Reframing the past to create a new future

What a Roman god, Greece adopting the Euro, the toilet paper panic, the Great Resignation, and the Oi Polloi executive summary all have in common. AKA a brass tacks and immersive story teaser.

Mary Valiakas
12 min readJan 2, 2022

If holiday memes ranging from facetious to exasperated are anything to judge by, folks are feeling the strain as we enter the 3rd season of ‘When Rona Came to Town’. Instead of doing a personal reflection this new year, I wondered, if our civilisation could look back to course correct our way forward, what events would we survey? How far back would we look?

Keep calm and read on

Looking back to look forward is a practice the Romans embraced with their two-headed god Janus, after whom this month is named. God of beginnings and endings, Janus, could simultaneously see forward and backwards, inside and out without turning around. He held a staff in his right hand, in order to guide travellers along the correct route, and a key in his left to open gates.

What course corrections would we make and what doors would open if we possessed Janus’ unique ability? This was my thought experiment for this first day of 2022 as I take a break from writing a book on immersive systems change.

The J-man himself

Looking back: a civilisation based in rationalism and its end

I’m not a fan of short-termism, and I am a fan of socioeconomic innovation, so I thought I’d look further back than 2021 to see what I could learn. Then look a little further forward too. And since we live in a system of globalised, capitalist market economies, a cursory search reveals new year’s day has been popular with the powers that be…

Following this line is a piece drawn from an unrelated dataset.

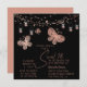 Sweet 16 Rose Gold Butterfly Chic Modern Birthday Invitations features elegant rose gold butterflies with string lights on a black background with your Sweet 16 Invitation information below. Personalise by editing the text in the text boxes. Designed for you by ©Evco Studio www.zazzle.com/store/evcostudio

  • January 1st 1992: Europe breaks down trade barriers with the Maastricht treaty (although this was signed in Feb)
  • January 1st 1994: The North American Free Trade agreement comes into effect making trade easier between the US, Canada and Mexico
  • January 1st 2002: the Euro becomes official currency in 12 EU countries, including Greece.

It seems we’ve been on a course to unite the world, even if it did start with trade — and not cultural identity. Could this be how we ended up in the midst of culture wars? But let’s home in on Greece for a quick minute – since I have a theory that it’s where modern civilisation was both born and is now dying.

The beginning of the end of capitalism: former Greek PM, Kostas Simitis, withdraws his first Euros from an ATM in Jan 2002

Greece: the connected threads of modern civilisation, a case study in human nature, and where past meets future

Greece as the cradle of our current civilisation based in rationalism (the idea that we are rational creatures, capable of reason and logic) and the birthplace of democracy, is also their grave. It’s also where the seeds of the new, as yet unformed new system have been growing for some time. But I get ahead of myself. Let’s do a Janus to get some perspective.

The original rationalists, Pythagoras, Parmenides, Socrates, Plato, Aristotle and others influenced the progress of European and Islamic thought. They laid the groundwork for the beliefs developed during the Enlightenment. Namely natural rights, the social contract (an actual or implicit agreement between the ruled and their rulers defining the rights and duties of each), and the right to overthrow the government if the social contract was violated. These went on to influence the American Revolution.

Rational Uncle Sam later went on to fuel what some called the Greek Economic Miracle. Grants and loans from the Marshall Plan were channeled into the backward post-war Greek economy to help it participate in international trade. This period from 1950 to 1973 saw Greece go from a mostly agrarian society to a modern industrial nation. My father, who grew up in the 50s, remembers forests a few blocks away from where we lived smack in the middle downtown Athens. The rate of development was breakneck.

Fast forward to New Year’s Eve 2001

Partygoers are amused and confused over the new currency. How did prices quadruple overnight? What followed was equally illogical. Greeks having access to international products, markets and cheap credit ignited a consumerist hunger and a borrowing spree across all levels of society.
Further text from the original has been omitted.